Population (2021-12-01)
- • Total: 64,227
- • Density: 619.65/km^{2} (1,604.9/sq mi)
- Time zone: UTC+2 (EET)
- • Summer (DST): UTC+3 (EEST)
- Website: www.apulum.ro

= Alba Iulia =

City and county capital in Alba County, Romania

Alba Iulia (/ro/; Karlsburg or Carlsburg, formerly Weißenburg /de/; Gyulafehérvár /hu/; Apulum) is a city that serves as the seat of Alba County in the west-central part of Romania. Located on the river Mureș in the historical region of Transylvania, it has a population of 64,227 (as of 2021).

During ancient times, the site was the location of the Roman camp Apulum. Since the High Middle Ages, the city has been the seat of Transylvania's Roman Catholic diocese. Between 1526 and 1570 it was the capital of the Eastern Hungarian Kingdom from which the Principality of Transylvania emerged by the Treaty of Speyer in 1570 and it was the capital of the Principality of Transylvania until 1711. At one point it also was a centre of the Eastern Orthodox Metropolitan of Transylvania with suffragan to Vad diocese. On 1 December 1918, the Union of Transylvania with Romania was declared in Alba Iulia, and Romania's King Ferdinand I and, in 1922 Queen Marie were crowned in the Alba Iulia Orthodox Cathedral.

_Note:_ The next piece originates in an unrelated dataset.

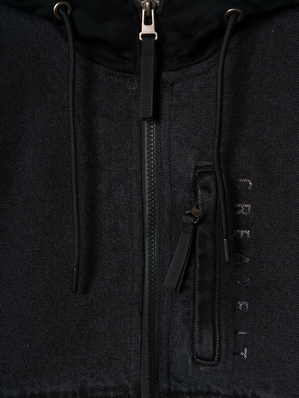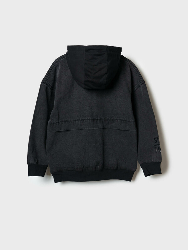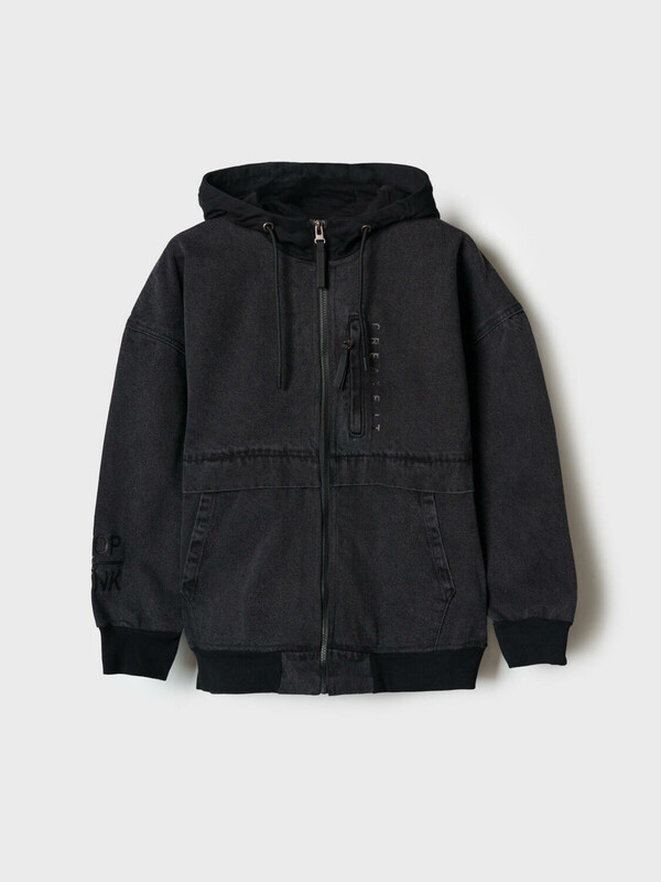 Джинсовая легкая куртка свободного кроя с удлиненным рукавом и капюшоном для мальчика подростка. Бомбер оверсайз джинсовый выполнен в графитовом оттенке с чёрными акцентами на капюшоне и манжетах. Капюшон регулируется шнурком. Спереди — застежка на молнию, два удобных кармана и вертикальный принт. На правом рукаве расположен дополнительный принт. Светоотражающие элементы на груди и спинке обеспечивают безопасность в темное время суток. Куртка выглядит современно и подходит для повседневного городского образа.

Alba Iulia is historically important for Romanians, Hungarians, and Transylvanian Saxons. In December 1918, Alba Iulia was officially declared Capital of the Great Union of Romania.

The city administers four villages: Bărăbanț (Borbánd), Micești (Ompolykisfalud), Oarda (Alsóváradja), and Pâclișa (Poklos).

== Names ==
During the Roman period the settlement was called Apulum (from the Dacian Apoulon, mentioned by Ptolemy). When the settlement with its Roman ruins became the seat of a dukedom in the 10th century, the population may have been Slavic. From the 9th to the 11th centuries, the settlement bore the Slavic name Bălgrad (meaning "white castle" or "white town"). The old Romanian name of the town was Bălgrad, which originated from Slavic.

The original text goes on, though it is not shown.